Он честен! Весь мир ему нипочем, плевавши на рамки, устои, он рыдает целуя смерть, это парень, понимаешь?
- Если б замкнулся круг, он бы разделся.
- Он голый! Истинный король положения!
- У меня есть другой.
- У меня есть другая, но какая разница, когда я умираю?
- Я тоже умираю.
- Ты никогда не умрешь. Ты слишком умеешь любить и слишком болезненно любишь. Будто бы трогать обнаженный нерв.
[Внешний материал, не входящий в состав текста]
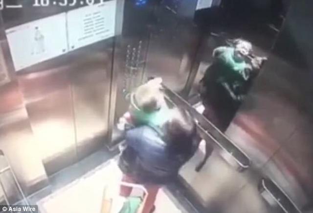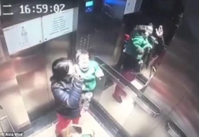 Theo đoạn clip được trích xuất từ máy quay, người mẹ đã trao đứa con trai chỉ khoảng hơn 1 tuổi cho người giúp việc đang đứng ở thang máy rồi vẫy tay chào tạm biệt. Nhưng khi người mẹ vừa quay đi và cửa thang máy đóng lại, người giúp việc đã ngay lập tức thay đổi thái độ.

- Ты все знаешь.Только никогда не узнаешь зачем я тебе явилась. Я не Старуха, не галлюцинация, не бред. Я человек, смешная через драму, милая сквозь пургу, сбежавшая, словно бы хищник от отравленной лани. Ты сам убил меня, но забыл Ей прикрыть дверь и теперь она тут, в тексте и всегда будет во всех текстах. Она неподвластна тебе, как неподвластен Boris, потому что не нуждается в тебе. Она идеальна, потому что ты лишь один из творцов. Будь ты один, ты бы напортачил. Перепутал имя, дал бы ей слишком большой нос или лишил бы сочной задницы.
- Но почему ТЫ здесь?!
- Потому что я никуда не уходила. Что ты хоронил? Ты не прощался, ты не мог видеть с кем.
- Ты то откуда знаешь?
- Потому что я ведаю, что ты творишь, или ты так думаешь. Это важнее всего в тексте - как ты считаешь, представляешь, говоришь. Ты одержим потерей и пытаешься вернуть статус-кво.
- Да ты пырнула меня!
- А кого ты еще хотел бы видеть на моем месте? Это не месть, просто это закон искусства.
- Какой?
- Сначала ты сходишь с ума, затем умираешь.
- Там будет что-нибудь? Ну после. Наверху.
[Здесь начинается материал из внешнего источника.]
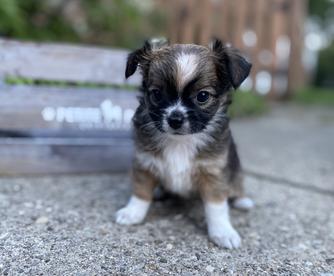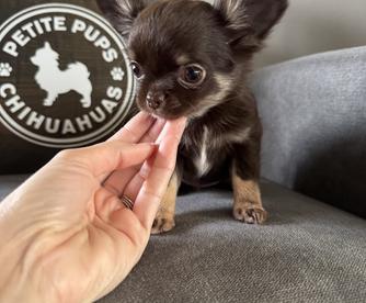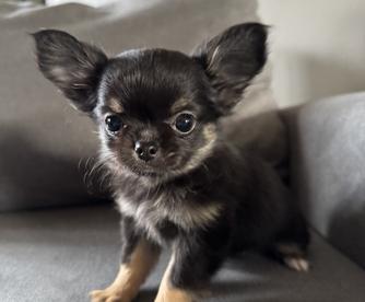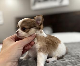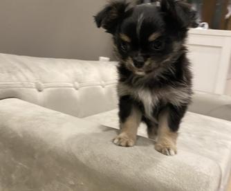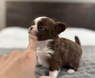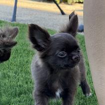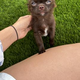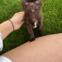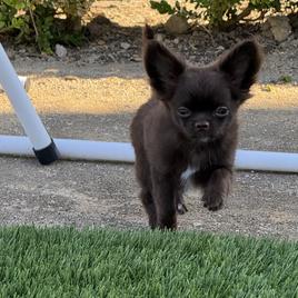 Meet Bruno, a charming and energetic chocolate and tan long-haired Chihuahua with AKC registration. While he's a bit skittish at first, Bruno quickly warms up to people and loves being around them. His playful nature makes him a hit with kids, and he's always ready for fun. Bruno is small, speedy, and has a remarkable ability to jump like a deer, showcasing his agility and athleticism. A true little powerhouse with a heart full of affection!

- Ты меня придумал, ты и отвечай.
И я понял. Я не могу просто быть честным, потому что во всех своих словах убежден. Правда не может существовать, если каждое слово ее подразумевает.
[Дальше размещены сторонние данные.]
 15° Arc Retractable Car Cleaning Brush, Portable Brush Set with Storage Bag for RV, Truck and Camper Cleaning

Boris закрыл глаза. Он задумался о предстоящем. Сколько еще букв ему предстоит пережить? Сколько еще раз ему начинаться с красной строки? Где он окажется в следующий раз? Кто такой автор? Кто будет читать? Придет ли она еще раз?
- Слушай, оно того стоило. Я бы умер еще раз, чтобы увидеть тебя, ну или убил бы. Ты вернешься еще разок?

Epilogue.

Он открыл глаза и обнаружил себя живым. В двери стояла хорошая погода и пустота. Boris поднялся, ощупал себя, ничего не обнаружил. Где нож, где кровь? Исчезла и пелена перед глазами. Вернулся в комнату. Страница закончена жирной точкой. Под страницей скрыла еще страница, а за ней еще и еще. Читать утомительно и по старой привычке он сдела вывод по последней строчке "Уйти - не подвиг. Подвиг не вернуться". Полное дерьмо. Без мертвой не пишется...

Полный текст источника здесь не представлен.